The parties wish to set forth in this Agreement the terms upon which EarthLink will grant to National certain rights to market and distribute EarthLink's proprietary EarthLink Network-Registered Trademark- TotalAccess-Trademark- Internet Access software for the Macintosh, Windows 95 and Windows 3.1 platforms (such software, as it presently exists and as it may hereafter be modified, collectively referred to as the "Software") and EarthLink's Internet Access Service (the "ELN Service"), all as more specifically set forth herein.

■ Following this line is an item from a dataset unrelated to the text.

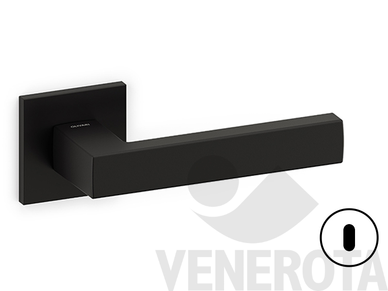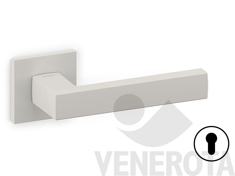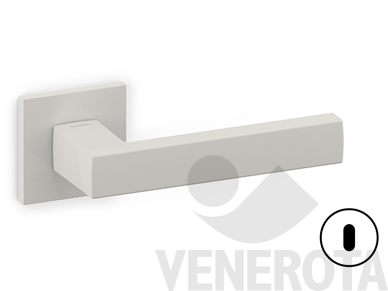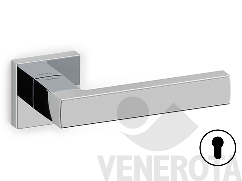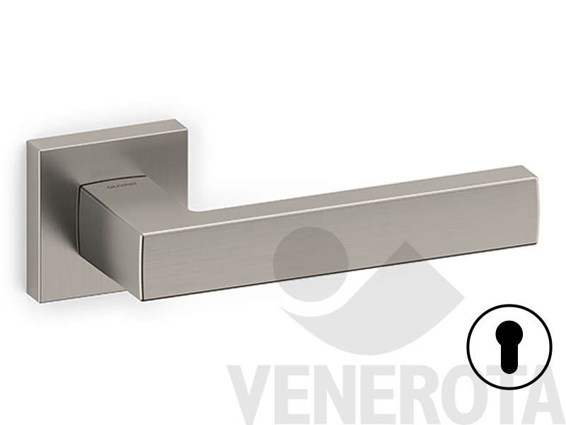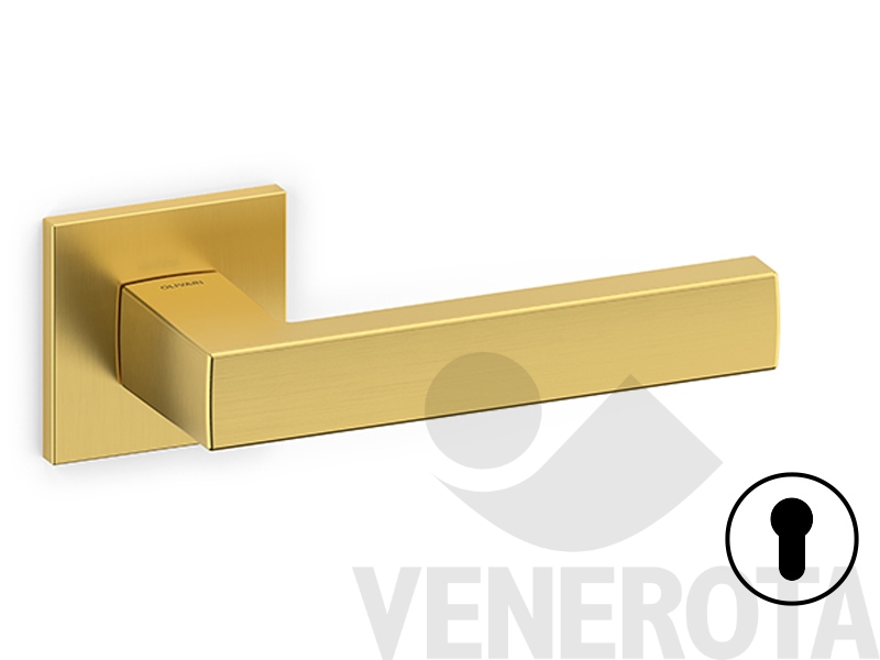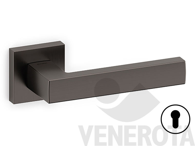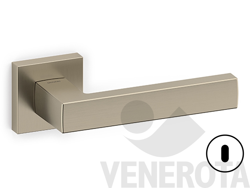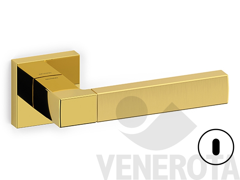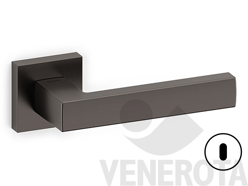 Maniglia Zelda per porta Colombo Design con rosetta e bocchetta quadra in ottone.

In consideration of the mutual promises and undertakings set forth herein, and intending to be legally bound hereby, the parties agree as follows:
1. LICENSE RIGHTS.
1.1 GRANT OF RIGHTS. Subject to all of the terms and conditions of this Agreement, EarthLink hereby grants to National the following rights (collectively, the "License Rights"), which National may exercise itself or through any one or more of its existing and future subsidiaries under its control:
(a) EXCLUSIVE MARKETING RIGHTS. The exclusive right to advertise, promote, market, sell and otherwise distribute the Software and the ELN Service throughout the United States, Canada and such other countries as the parties may from time to time agree (collectively, the "Territory") via airings, on broadcast, cable, satellite and all other forms of television transmission now existing or hereafter developed, of short-form (i.e. two minutes running time or less) direct response television programming; and
(b) USE OF INTELLECTUAL PROPERTY AND PROMOTIONAL MATERIALS. In connection with the exercise of its rights hereunder, and subject to the prior approval of EarthLink (which will not be unreasonably withheld or delayed), the nonexclusive right to: (a) use any and all trademarks, trade names, copyrights, trade secrets and other intellectual property rights which EarthLink may own or control with respect to the Software and the ELN Service (including, without limitation those specifically identified on Schedule I attached hereto), and (b) reproduce, copy and otherwise use any and all artwork, graphics and other promotional materials which EarthLink owns or controls with respect to the Software and the ELN Service ("EarthLink's Promotional Materials"), copies of all of which EarthLink shall provide to National as soon as practicable after the execution of this Agreement.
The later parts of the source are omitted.